I think the popularity of the term sandbox arose out of need for such a term. “Emergent gameplay driven title” doesn’t roll off the tongue as well.

Grimo7
Grimo7
16 years ago

Mr Vaxadrin
a fantastic review makes me want to go buy the game
and we have go to have another session of texas chilli dog!!!
all my love Grimo xxx

TrueTallus
TrueTallus
16 years ago

Is that the real explanation, Stefan? I had no idea. Even if it isn’t, it sure sounds plausible enough to satisfy the ignorant :)

Good review, Wesley. I picked up my preorder of NG 2 on launch day and while I’ve tried it on several occasions since then, I’ve had the peculiar sensation of feeling sort of distractedly irritated when I saw the game over screen, rather than the burning motivation that accompanied each of Ryu’s deaths when I played the Xbox original.
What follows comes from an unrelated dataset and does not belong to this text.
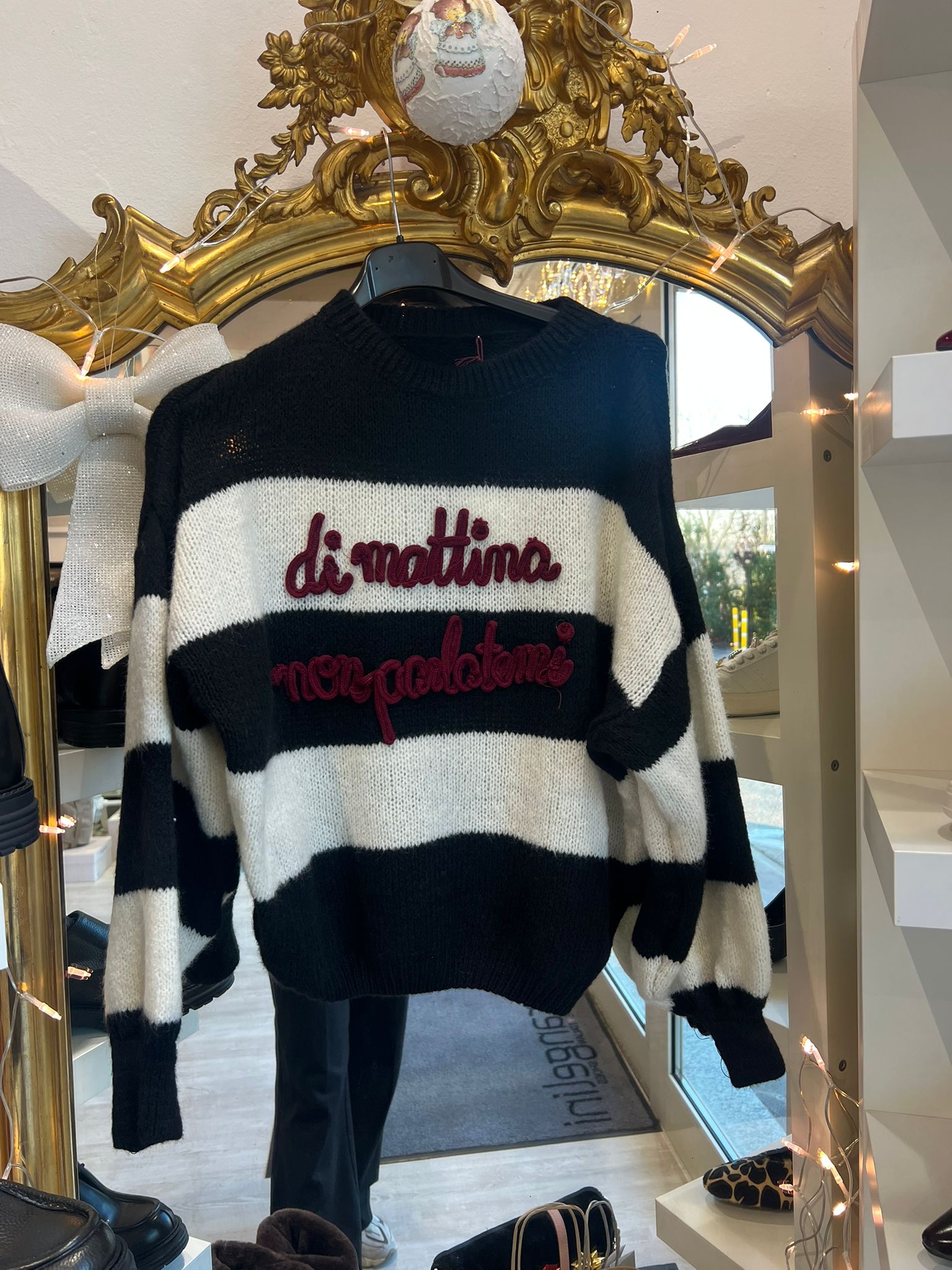 Maglioncino caldo e accogliente con maniche a palloncino che regalano movimento e stile. Le righe delicate creano un effetto visivo interessante, mentre la scritta "di mattina non parlatemi" sulla parte anteriore esprime con ironia la tua personalità. Realizzato in tessuto confortevole e isolante, è il compagno ideale per le mattinate fredde. Un capo che unisce praticità e carattere, perfetto per chi vuole indossare il proprio umore.

Reading through your take on team ninja’s latest makes me wonder weather playing through the DS iteration has dulled some of my appreciation for the series in its true form. I never felt like I had to learn anything at all to beat Dragon Sword (admittedly on normal difficulty), I just kept moving the stylus to the side when bad guys showed up and looked at all the pretty scenery until the game ended. Somehow a residue of that experience is still holding me back from appreciating all the awesomely punishing ninja action that lies in store for me now. I find myself actually wasting time wondering if they removed Ayane from series cannon or getting annoyed that I have to pay attention to what the eniemies are actually doing when I play. NINJA GAIDEN, of all things, threatens to have become a relaxing, mindless experience. Hopefully reading such a determinedly retro-appreciative look at the game will rekindle my fine tuned, fiend butchering spirit.

Berg
14 years ago

I’m laid off from work now. So i been reading blogs all day and found yours. I found a lot of good info here. Thank you!